The turnaround story of SpiceJet is remarkable—starting from the fact that current owner Ajay Singh bought if off the Marans for Rs2 (for 58.64% of the company’s equity), according to a report in BloombergQuint that cited court papers filed in the dispute between the Marans and SpiceJet.
To be fair to Singh though, the airline was bleeding then: its net worth was a negative Rs1,329 crore, short-term liabilities over Rs2,000 crore, and it ended 2014-15 with a loss of Rs687 crore, according to the same report. SpiceJet also had a debt of Rs1,240 crore as of March 2015.

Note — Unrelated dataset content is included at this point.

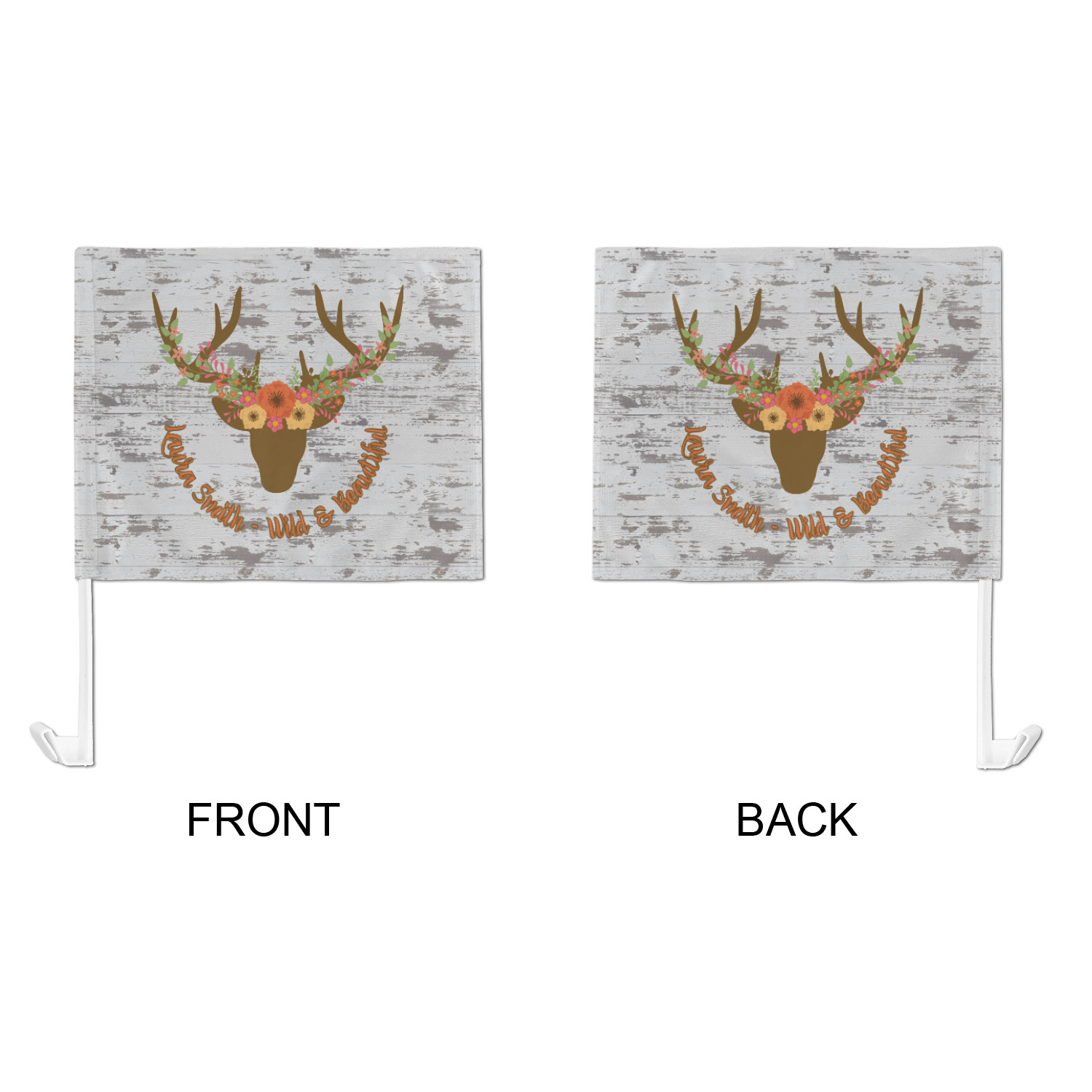 Our personalized flags are made from a durable, yet lightweight cloth that will proudly bear your logo or design of choice, while withstanding the outside elements. We have two size options - 8" x 11" and 11" x 15". Both come with a flag pole which includes a clip that secures the pole to the side window, whether it is rolled up or down. The flags are printed on both sides to display your design from all directions.

Equally remarkable is the alacrity with which the government cleared the deal (seven days according to BloombergQuint). The civil aviation ministry also exempted the new owners from having to make an open offer to public shareholders as required by government law.
Still, not too many airlines have come back from where SpiceJet found itself in late 2014.

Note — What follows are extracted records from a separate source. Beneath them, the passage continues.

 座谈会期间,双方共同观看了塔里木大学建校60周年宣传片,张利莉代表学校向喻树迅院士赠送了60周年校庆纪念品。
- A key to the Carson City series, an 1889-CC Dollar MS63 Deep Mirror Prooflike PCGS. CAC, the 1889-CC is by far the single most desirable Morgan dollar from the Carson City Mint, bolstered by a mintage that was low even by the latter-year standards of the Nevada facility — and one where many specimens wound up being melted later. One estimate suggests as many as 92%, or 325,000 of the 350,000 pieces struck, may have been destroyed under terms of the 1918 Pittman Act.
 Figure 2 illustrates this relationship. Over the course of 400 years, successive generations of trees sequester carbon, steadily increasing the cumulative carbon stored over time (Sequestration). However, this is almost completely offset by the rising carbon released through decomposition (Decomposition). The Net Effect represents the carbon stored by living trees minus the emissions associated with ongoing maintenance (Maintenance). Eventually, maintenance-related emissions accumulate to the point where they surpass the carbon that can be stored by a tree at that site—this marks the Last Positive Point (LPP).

Vijay Mallya’s Kingfisher Airlines, M. Thiagarajan’s Paramount Airways, Mohan Meakin Ltd’s Indus Airways, and half a dozen others have closed down in similar circumstances in recent years.

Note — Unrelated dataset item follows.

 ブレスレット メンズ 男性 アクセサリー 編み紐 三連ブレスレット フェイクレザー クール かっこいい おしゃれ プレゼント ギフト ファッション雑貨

“They were lucky but they also controlled costs and improved many things,” said Amrit Pandurangi, former head of infrastructure practice at Deloitte Touche Tohmatsu India Llp, referring to the drop in fuel prices.
Singh, the new promoter-chairman of SpiceJet, oversaw the transition closely.
“There was a plan to shut down the airline,” said Singh, chairman of SpiceJet and the airline’s original co-founder back in 2005 (he exited in 2008 before returning in January 2015). “I remember those days—every hour was full of anxiety.”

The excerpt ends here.